DATA RECORDS Block Start
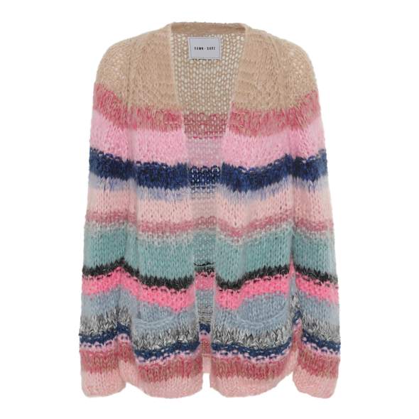 Mars Multi Stripe cardigan er en håndstrikket mohair cardigan. Cardiganen har lange ermer og to lommer foran. Stilen Mars er en av våre mest populære strikketøy og i multistripen får du en cardigan med vakre fargekombinasjoner.
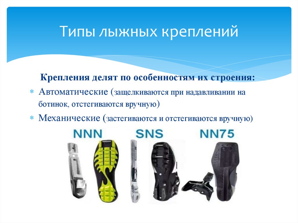 Типы лыжных крепленийКрепления делят по особенностям их строения:
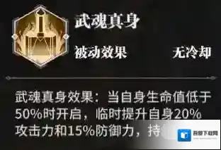 效果:当自身生命值低于50%时开启,临时提升自身20%攻击力和15%防御力,持续4个回合
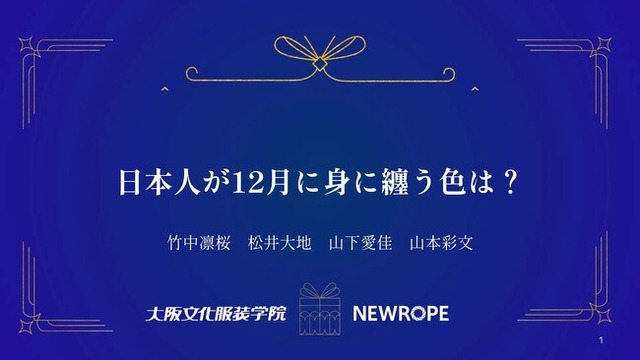 この授業内で、学生が実際に企画・データ分析した成果から、特に優秀と評価したレポートをシリーズで公開します。2025年の最終となる第4弾のテーマは「日本人が12月に身に纏う色は?」。
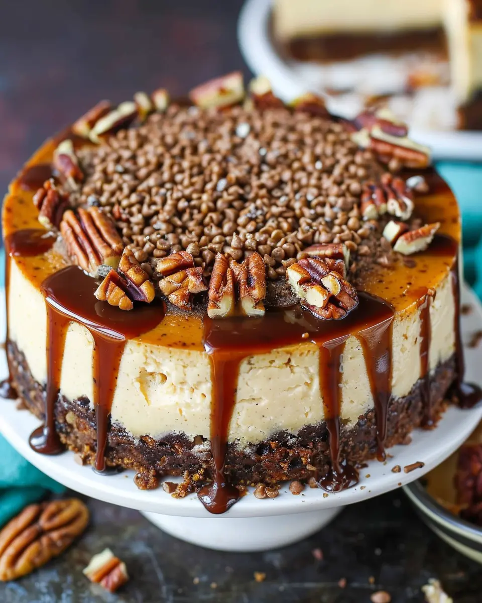 Indulge in the rich flavors of Turtle Cheesecake, a dessert that combines creamy cheesecake with chocolate, caramel, and nuts.
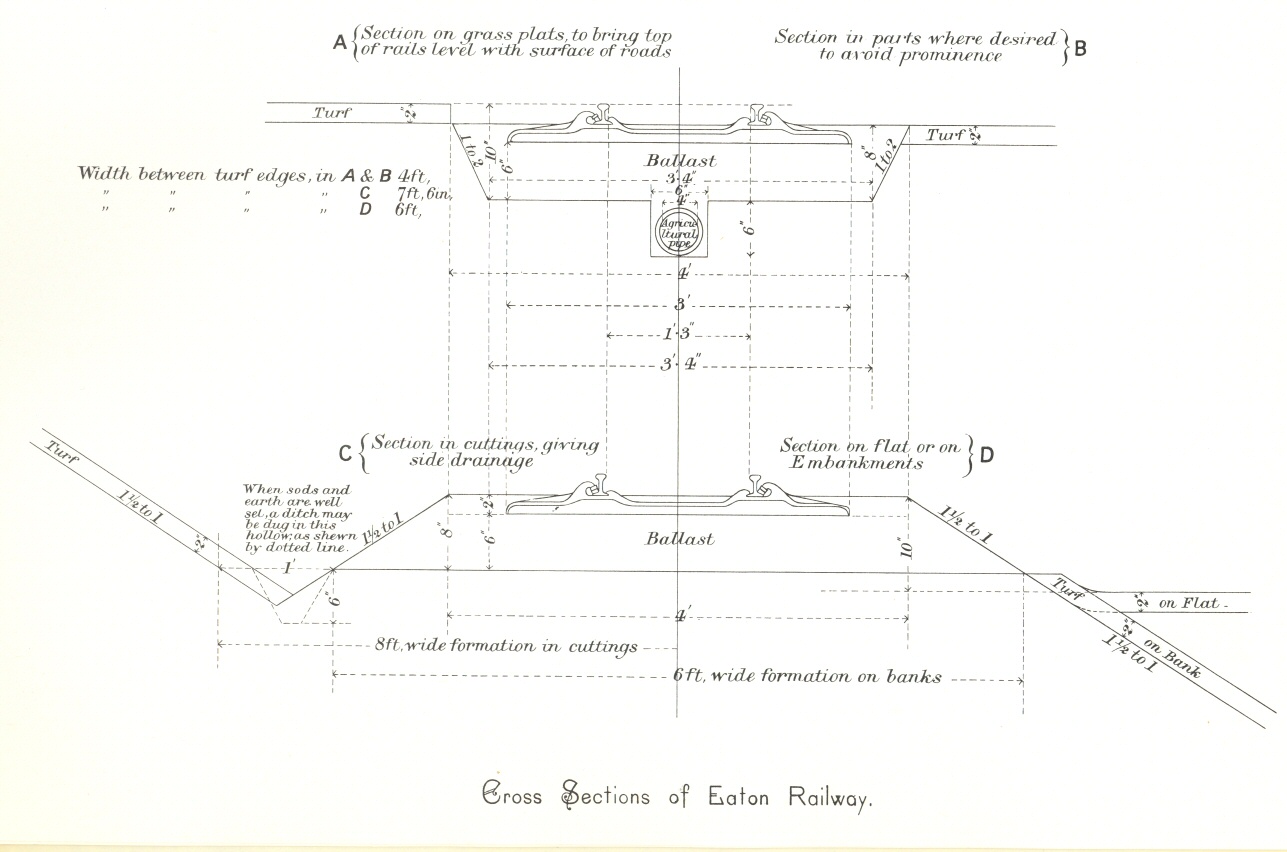 I desire to take this opportunity of expressing my thanks to the Duke of Westminster for the free hand accorded me in regard to the arrangement of all details of the Eaton Railway; a liberty which has resulted in a symmetrical and entirely successful carrying out of the work.
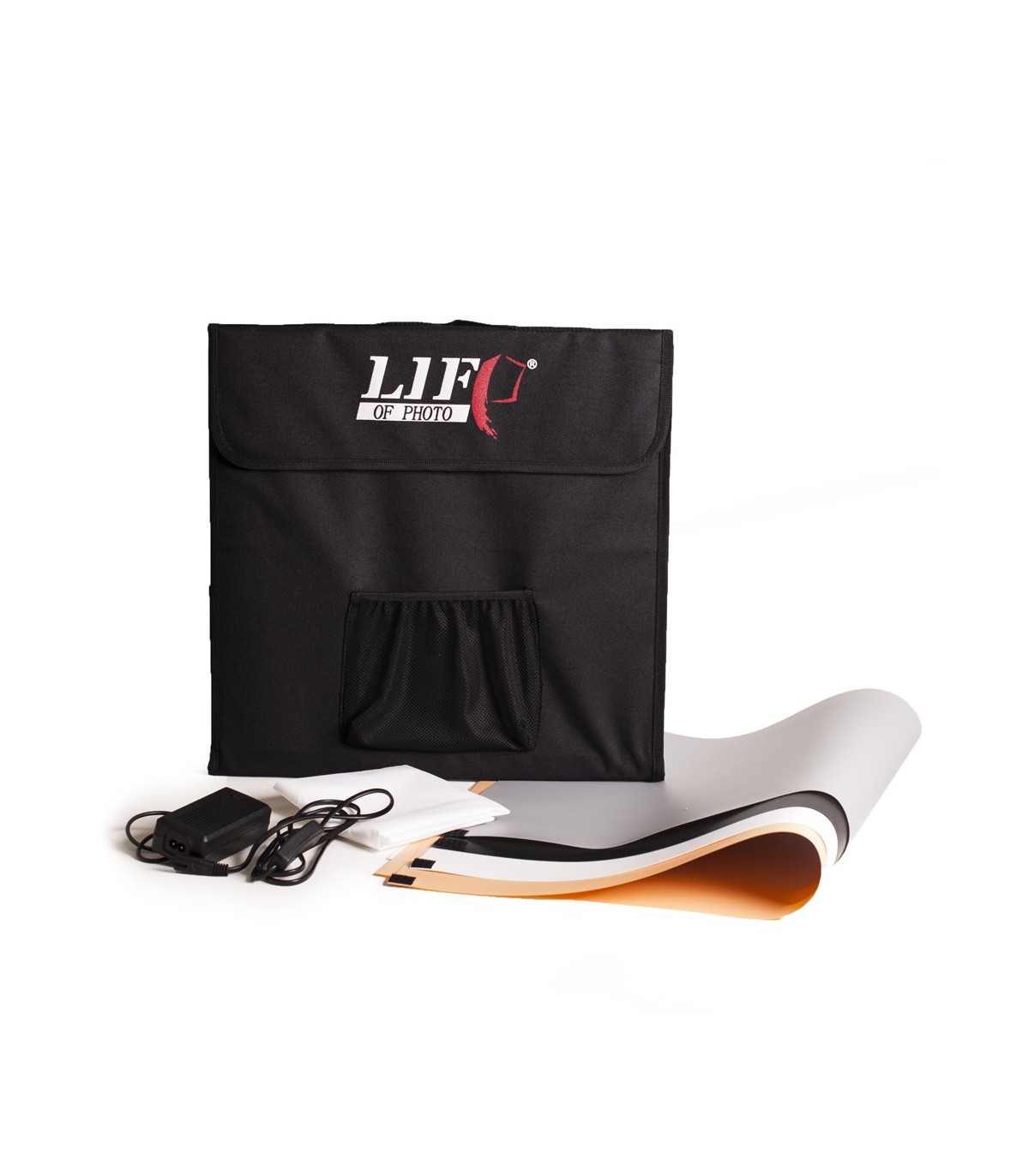 استودیوی پرتابل Life of Photo LED660 یک محیط کار جمع و جور و قابل حمل را در اختیار علاقه مندان به عکاسی طبیعت بیجان (Still Life) قرار میدهد. این محصول در واقع یک کیف است که بعد از باز شدن به یک خیمه عکاسی با یک منبع نور LED تبدیل میشود و چهار پسزمینه سفید، مشکی، نارنجی و خاکستری را ارائه میدهد. در واقع این محصول را میتوان یک استودیوی در جعبه معرفی کرد که یک منبع نور LED از بالا آن را همراهی میکند. در این محصول یک پنل دیفیوزر برای پخش نور در مقابل LED قرار گرفته که با استفاده از آن میتوان نور خروجی را تا حد زیادی نرم و ملایم کرد. همچنین پس از اتمام کار، این جعبه به راحتی جمع میشود و به حالت اول خود برمیگردد. از دیگر ویژگیهای این محصول جدا شدن بسیار راحت LED و خارج کردن آن از داخل محفظه است.
DATA RECORDS Block End
__ABOUT THIS TASK__
Copy nothing but the lines above that run from the one with "Типы лыжных крепленийКрепления" to the one with "I desire to", ends included; pictures stay out.

__RESPONSE FOR THIS EXERCISE__
 Типы лыжных крепленийКрепления делят по особенностям их строения:
 效果:当自身生命值低于50%时开启,临时提升自身20%攻击力和15%防御力,持续4个回合
 この授業内で、学生が実際に企画・データ分析した成果から、特に優秀と評価したレポートをシリーズで公開します。2025年の最終となる第4弾のテーマは「日本人が12月に身に纏う色は?」。
 Indulge in the rich flavors of Turtle Cheesecake, a dessert that combines creamy cheesecake with chocolate, caramel, and nuts.
 I desire to take this opportunity of expressing my thanks to the Duke of Westminster for the free hand accorded me in regard to the arrangement of all details of the Eaton Railway; a liberty which has resulted in a symmetrical and entirely successful carrying out of the work.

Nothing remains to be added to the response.